The sixth ball of the match, delivered by Fidel Edwards, created a veritable trove of ambiguities and intrigues. Edwards moved the ball back into David Warner, the ball flicking pad, maybe bat and perhaps even stump on its way through to Carlton Baugh. West Indies appealed for caught behind and Marais Erasmus raised his finger, but before long Darren Sammy withdrew the hosts' appeal because Baugh had not taken the catch. Had Sammy waited until the umpires resorted to television replays he may have seen Warner depart anyway, for the vision revealing the absence of any bat also showed that batsman could have been given out lbw.

Introduction of the day

Shane Shillingford's first over of the Test caused plenty of eyes to narrow in on the Port-of-Spain pitch, to see how much spin and bounce would be on offer to the slow bowlers. Australia's best judges reckoned it worthy of twin spin, and Shillingford would back up their summation of the surface by turning the ball appreciably. Warner has not been entirely comfortable against the turning ball so far in his Test career, and when Shillingford tossed his fifth ball higher, Australia's opening batsman walked into a drive and snicked straight to slip.
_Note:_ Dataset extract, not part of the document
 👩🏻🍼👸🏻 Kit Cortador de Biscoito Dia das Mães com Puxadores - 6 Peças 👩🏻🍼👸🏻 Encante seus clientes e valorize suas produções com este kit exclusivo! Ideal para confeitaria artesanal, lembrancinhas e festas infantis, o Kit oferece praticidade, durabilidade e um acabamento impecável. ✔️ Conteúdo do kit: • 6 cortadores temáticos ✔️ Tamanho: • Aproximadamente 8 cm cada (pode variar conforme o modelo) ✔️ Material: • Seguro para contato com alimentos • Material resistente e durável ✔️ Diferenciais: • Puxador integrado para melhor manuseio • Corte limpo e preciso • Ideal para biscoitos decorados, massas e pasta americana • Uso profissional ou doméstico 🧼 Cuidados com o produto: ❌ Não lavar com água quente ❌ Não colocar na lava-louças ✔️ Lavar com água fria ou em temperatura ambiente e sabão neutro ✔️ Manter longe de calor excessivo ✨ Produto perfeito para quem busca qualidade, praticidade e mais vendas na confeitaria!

Afternoon greeting of the day

The surface continued to assist Shillingford throughout a long and exacting spell. But his most notable delivery gave Ricky Ponting a fright on his return after lunch. Second ball of the afternoon session, Shillingford pitched an off break on a good length outside off stump. It failed almost entirely to bounce, forcing Ponting to jam down desperately in defence of his stumps and his pads, the edge trickling away and leaving all batsmen on both sides with an indicator of what they may expect later on in the match.

Assist of the day

Kemar Roach blasted out Ed Cowan and Ponting in a swift spell opposite the parsimonious Shillingford either side of lunch. But to dismiss Ponting, Roach required the help of two team-mates in the field. A delivery angled into Ponting and moving subtly way touched the former captain's outside edge and flew through to Baugh, on the ground where he made his debut against Australia in 2003. However Baugh was unable to take it cleanly, the ball popping out of his gloves and rebounding to Sammy to claim it before it fell to the turf. Having been run-out in the first innings in Bridgetown then bowled by a shooter in the second, Ponting's been a little short of luck in the Caribbean and here his run continued.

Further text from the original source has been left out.